Лежали мы молча долго, и мне стало скучно. Вначале я смотрел на небо, но смотреть на него было неинтересно. Ни одного облачка. Все насквозь голубое, а когда прищуришься - голубое и блестящее. Даже как будто искорками сыплет. Я люблю небо разное. Особенно мне нравится, когда кучевые облака наливаются силой. Плывут они, плывут, одни заслоняют солнышко на секунды, другие, - на минуты и плывут дальше, ленивые, безразличные небесные чиновники. Вдруг что-то происходит в природе, и облака взбунтовываются. Они уже не образцово подобранные канцеляристы, они - мятежная, яростная сила, отринувшая все законы стихия. Распустив шлейфы, поминутно меняя очертания, облака ползут навстречу друг другу, догоняют одно другое, сталкиваются, громоздятся, как вешние льдины, переплетаются, поднимают из-за горизонта огромный клубящийся кулак. Потом, неведомо откуда, возникает мрачная густая синь, обволакивает облачное белоснежье. Насупливаются невинные облака, становясь грозовыми тучами. Почувствовав мощь свою, полонят небо от видимого до видимого, отторгают от земли теплую солнечную ласку. И нелегко приходится солнцу бороться с ними, доказывая, что оно - все же Светило.
Я люблю такое небо, люблю затаенную предгрозовую жуть и далекие громовые перекаты. Близкую грозу я тоже люблю, но и побаиваюсь. В детстве, помню, у ребят нашей улицы не было большей радости, чем мутные, пенящиеся лужи, на которых пузырями вскипает ливень. И чем сильнее гроза, тем больше восторга. Во время одной из гроз убило Алексея, нашего соседа. Он шел домой в армейский отпуск. Гроза застала его в трех километрах от города, около одинокого тополя. Там Алексея и нашли. Кстати, странное дело: в те годы, было мне лет двенадцать - тринадцать, гибель Алексея на нас никак не повлияла. По-прежнему были грозы, были лужи, а по лужам шастали мы. Страх пришел позднее, когда гроза застала меня, одинокого, в степи. Я лежал в ямке, при каждой вспышке молнии вжимался в землю и не мог отвлечься от мысли об Алексее. Как въявь, видел я его под тополем, видел молнию, которая надвое распарывает кряжистое дерево, и слышал, честное слово, слышал, как тяжелые комья глинистой земли стучат о крышку его гроба. Помнится, я убеждал себя, что смерть от молнии - смерть мгновенная, но легче мне от этого не становилось… Как ни странно, успокоение принесла философия "рожденный быть повешенным не утонет". Кстати, с тех пор я часто успокаиваюсь этим соображением, когда сталкиваюсь со стихиями. И это помогает, потому что я знаю: в борьбе со слепыми силами человек мучается мыслью не столько о гибели, сколько о своей беспомощности.

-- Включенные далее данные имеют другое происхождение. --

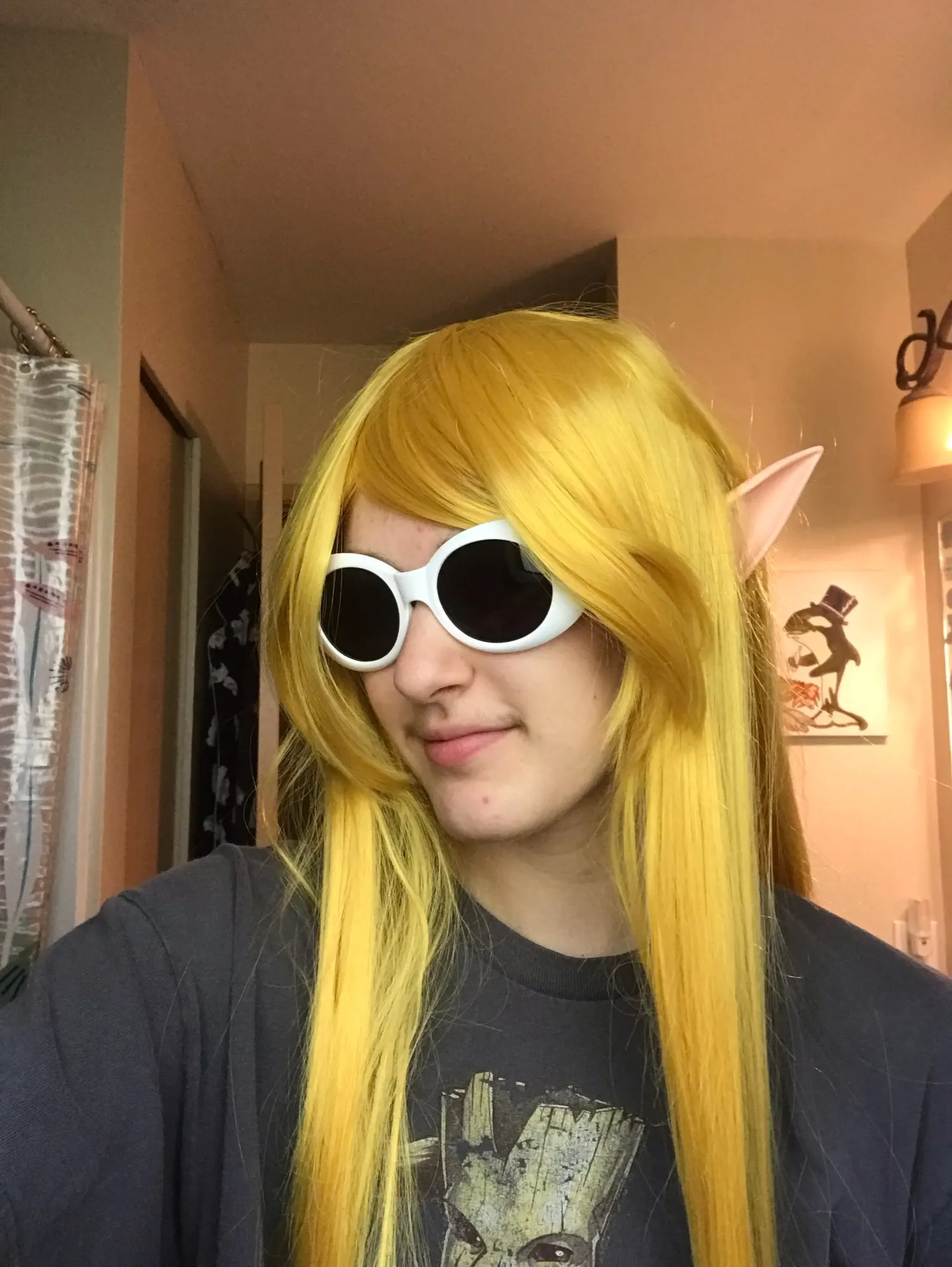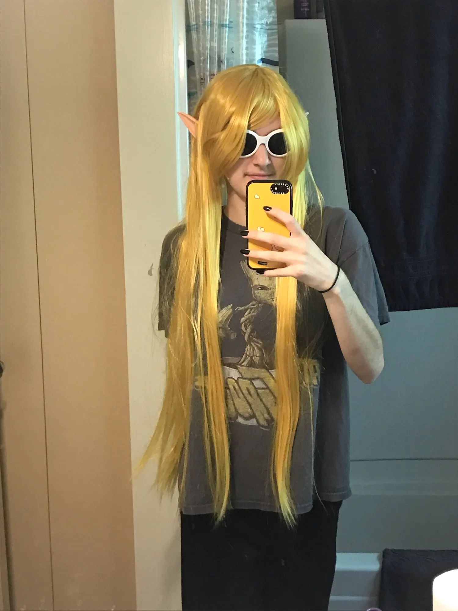 парик густой, волосы приятные на ощупь. челку, наверное, подрежу немного, мне длинновата и мешается. волосы нужно обработать антистатиком, ибо синтетика сильно электризуется, на кончиках внизу видно. ну и распределить аккуратно, а то я случайно выдернула 1 прядь, несмотря на то, что они довольно таки хорошо пришиты))
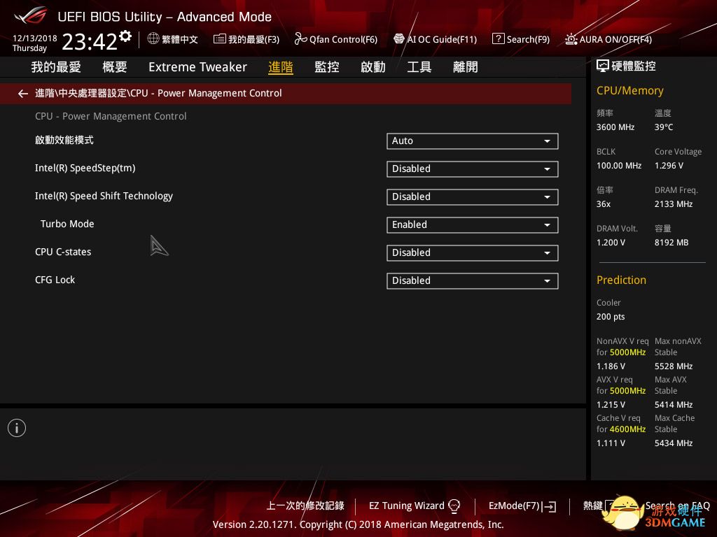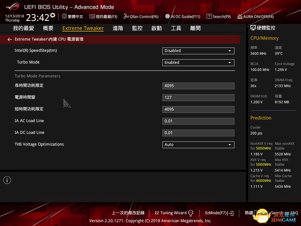 大体设置上同ROG一致,同步所有核心5GHz,AVX设置为0,缓存频率4.6GHz。

В общем-то, это последнее соображение не относится ни к небу, ни к моему нынешнему настроению, и записал я его просто так, потому что разное вспомнилось и возникли ассоциации.
А о нынешнем небе что? Яркое, однообразное и скучное. И зелень вокруг была неподвижной и скучной. Я покосился на Матвея. Он лежал ко мне спиной, и было непонятно, спит или не спит. Тогда я закрыл глаза и представил серое, однообразное море, потом стал считать, и кончилось тем, что куда-то поплыл. Предо мной все чудесно качалось, и я тоже качался и проваливался. Не знаю, сколько бы еще плыл, но помешал Матвей. Оказывается, мне разговаривать нельзя, а ему - пожалуйста. Первые его слова я слышал сквозь сон и отвечать не стал. Но, видимо, Матвею захотелось потолковать, а когда ему чего захочется, он ни с чем не посчитается.
- Никак спишь? Эй, лирик!
Это обращение я уже услышал хорошо и бодро ответил:
- Ну да!
- Понятно. Часовой никогда не спит. Слушай, советский часовой, тебе не приходила мысль о необитаемом острове?
- Не понимаю.
- Ну, вот так: забиться в какой-нибудь отдаленный от цивилизации уголок и пейзанствовать.
- Не приходила такая мысль.
Матвей критически посмотрел на меня и вздохнул.
- Жалкое порождение цивилизации. А я зимой прочитал, что какой-то то ли английский, то ли американский студент обосновался в одиночку на острове, и, грешным делом, ему позавидовал.
- Не вижу повода.
- Повода? Сам себе бог, сам себе царь, сам себе герой. Это что, по-твоему, не повод?
- Ты - без людей?
- Я. Без людей.
- А поговорить?
Матвей сорвал травинку, пожевал.
- Это верно, поговорить не с кем. Пятница непременно нужен. Вообще-то, был бы Робинзон, а Пятницами пруд пруди.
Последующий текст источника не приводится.